### REQUIRED ACTION
Please give back each line of the material unchanged, but without the images.

### SUPPLIED DATA

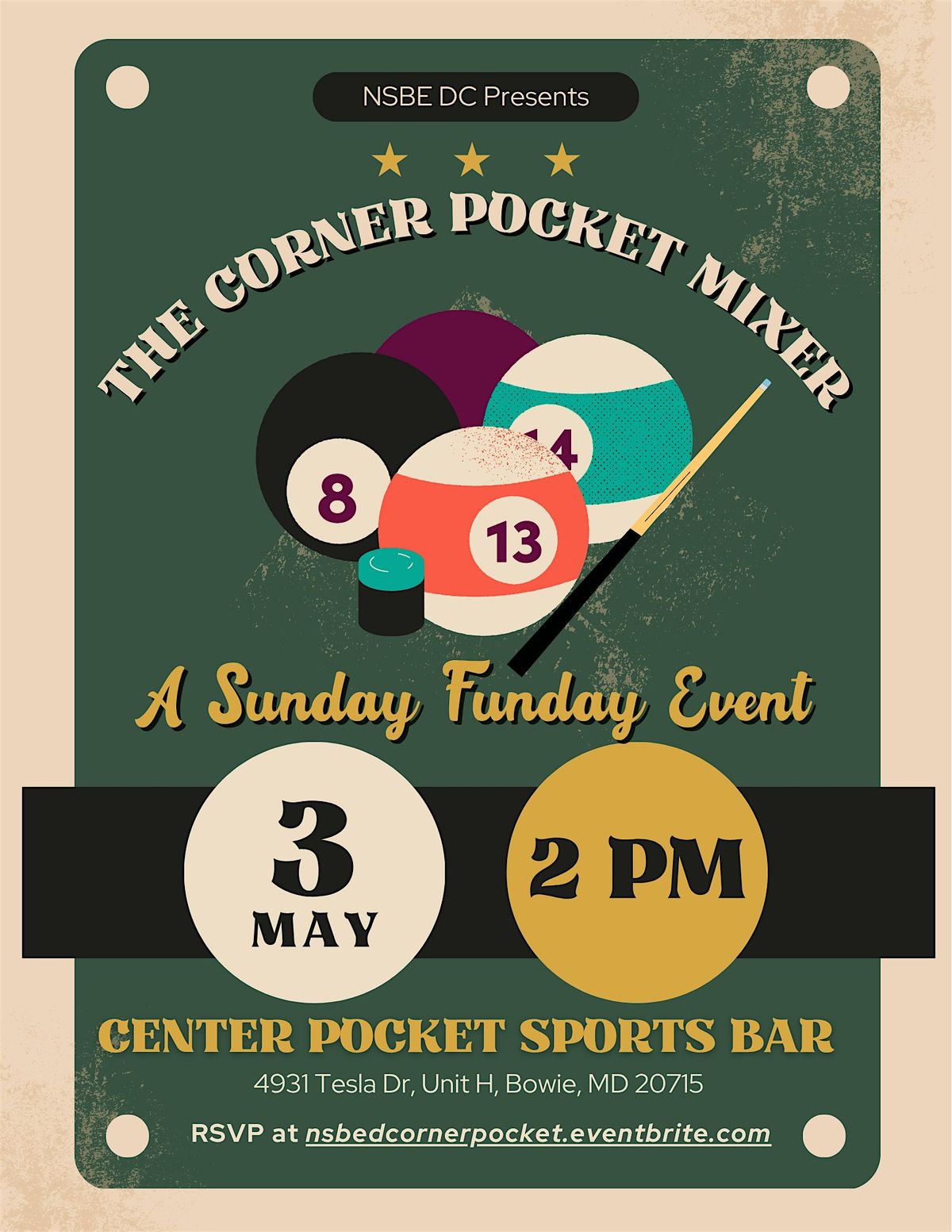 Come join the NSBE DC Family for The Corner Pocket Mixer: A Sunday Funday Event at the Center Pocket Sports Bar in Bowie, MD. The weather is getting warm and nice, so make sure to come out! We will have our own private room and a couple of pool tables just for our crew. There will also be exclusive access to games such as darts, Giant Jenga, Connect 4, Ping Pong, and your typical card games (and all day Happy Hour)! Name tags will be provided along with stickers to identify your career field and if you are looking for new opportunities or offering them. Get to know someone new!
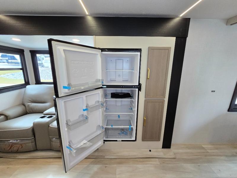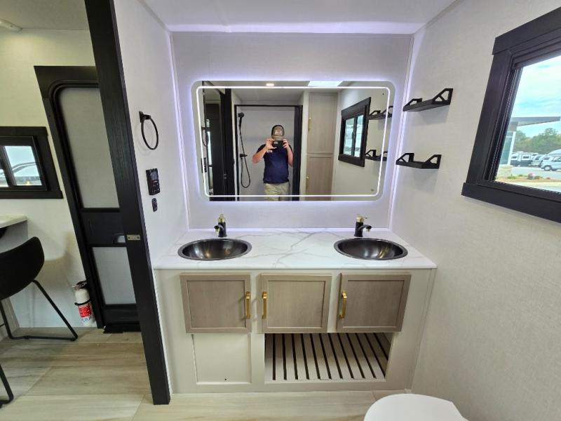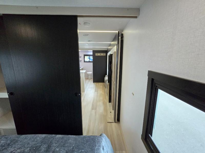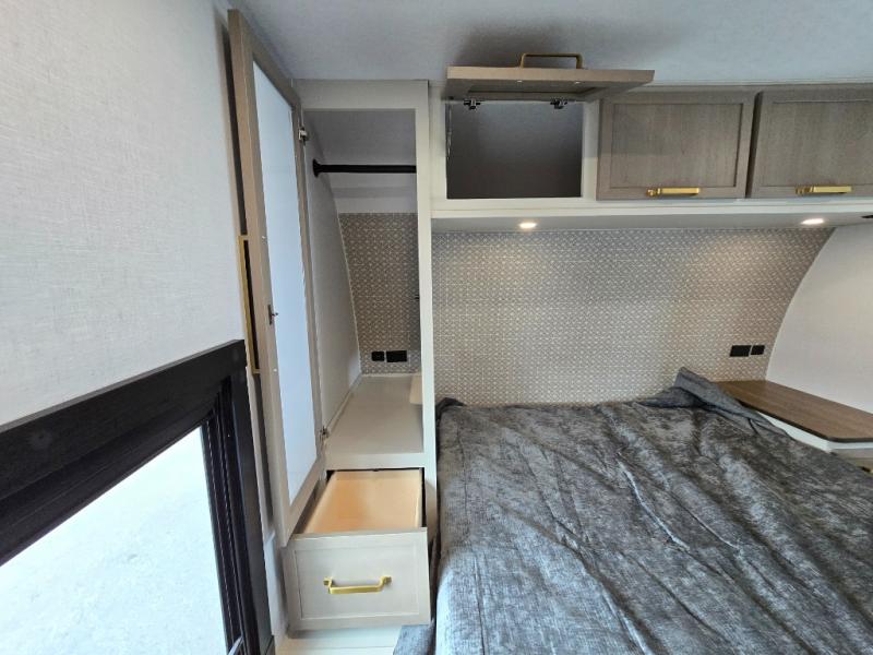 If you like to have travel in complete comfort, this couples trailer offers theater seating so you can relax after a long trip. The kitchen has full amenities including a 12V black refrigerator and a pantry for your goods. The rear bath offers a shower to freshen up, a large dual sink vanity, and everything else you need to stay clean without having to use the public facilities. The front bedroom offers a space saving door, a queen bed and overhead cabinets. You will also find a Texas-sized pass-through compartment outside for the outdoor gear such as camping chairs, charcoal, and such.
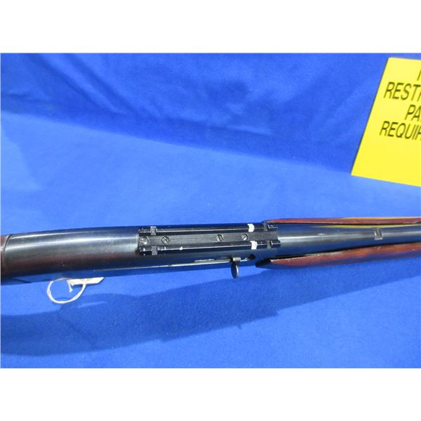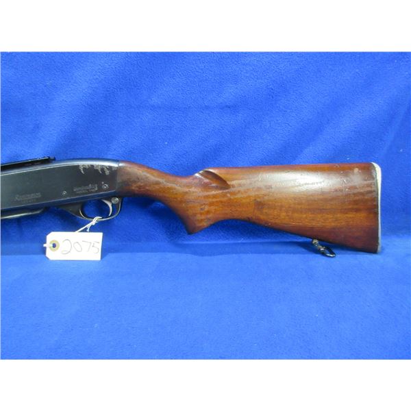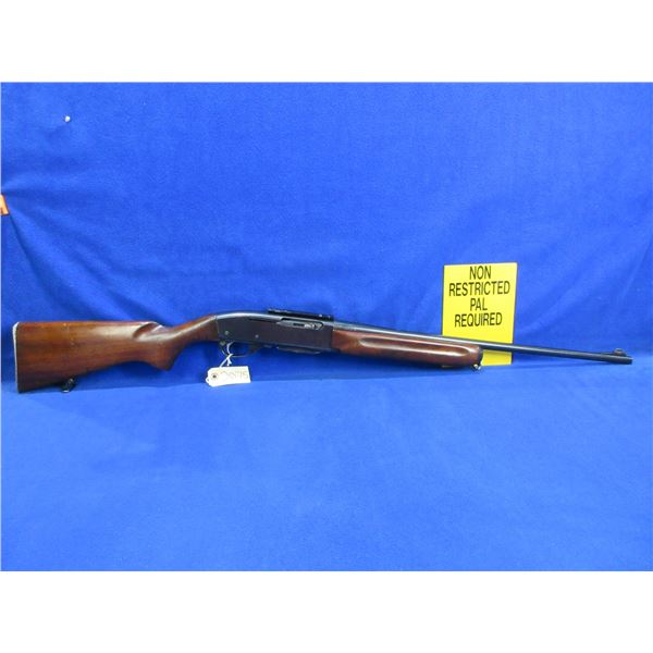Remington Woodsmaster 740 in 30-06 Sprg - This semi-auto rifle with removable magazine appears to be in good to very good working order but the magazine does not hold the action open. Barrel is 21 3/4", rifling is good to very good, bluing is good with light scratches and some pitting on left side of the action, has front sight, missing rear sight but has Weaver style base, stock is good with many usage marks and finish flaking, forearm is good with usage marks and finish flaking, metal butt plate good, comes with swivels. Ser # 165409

### OUTPUT FOR THIS EXERCISE
 Come join the NSBE DC Family for The Corner Pocket Mixer: A Sunday Funday Event at the Center Pocket Sports Bar in Bowie, MD. The weather is getting warm and nice, so make sure to come out! We will have our own private room and a couple of pool tables just for our crew. There will also be exclusive access to games such as darts, Giant Jenga, Connect 4, Ping Pong, and your typical card games (and all day Happy Hour)! Name tags will be provided along with stickers to identify your career field and if you are looking for new opportunities or offering them. Get to know someone new!
 If you like to have travel in complete comfort, this couples trailer offers theater seating so you can relax after a long trip. The kitchen has full amenities including a 12V black refrigerator and a pantry for your goods. The rear bath offers a shower to freshen up, a large dual sink vanity, and everything else you need to stay clean without having to use the public facilities. The front bedroom offers a space saving door, a queen bed and overhead cabinets. You will also find a Texas-sized pass-through compartment outside for the outdoor gear such as camping chairs, charcoal, and such.
Remington Woodsmaster 740 in 30-06 Sprg - This semi-auto rifle with removable magazine appears to be in good to very good working order but the magazine does not hold the action open. Barrel is 21 3/4", rifling is good to very good, bluing is good with light scratches and some pitting on left side of the action, has front sight, missing rear sight but has Weaver style base, stock is good with many usage marks and finish flaking, forearm is good with usage marks and finish flaking, metal butt plate good, comes with swivels. Ser # 165409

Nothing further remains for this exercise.